We could guarantee that this would always work, by trying many random values of $a+b$ and $a-b$ -- eventually, we'd just find those which are factors of $n$! This obviously might take a while...

# Questions

- With $a$ and $b$ chosen with $a-b=1$, how often will at least one of the "generalized $a+b$" numbers have a nontrivial GCD with $n$? (It works for some small examples, but not larger examples.)
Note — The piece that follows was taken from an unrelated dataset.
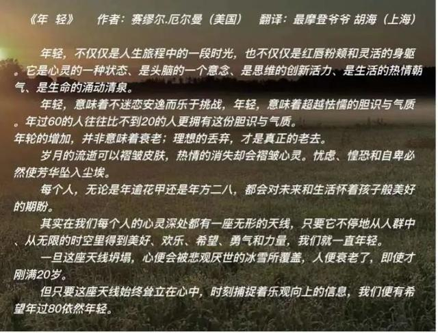 我非常欣赏一首英文诗歌《Youth》,并且自己翻译过全文。“年轻不仅是人生旅程中的一段时光,更是心灵的一种状态、头脑的一个意念、生活的热情朝气、生命的涌动清泉。”只要姿态、神态、心态都保持年轻,不断学习新事物,就能越老越稀奇。

- What value of $m = \prod p_i$ works best? Presumably there are some trade-offs here.

- Given that the number of "generalized $a+b$" numbers grows like $2^{|P|}$, is this practical? (Presumably not.)

- What is this most similar to? (Gemini suggests the quadratic sieve, which seems plausible.)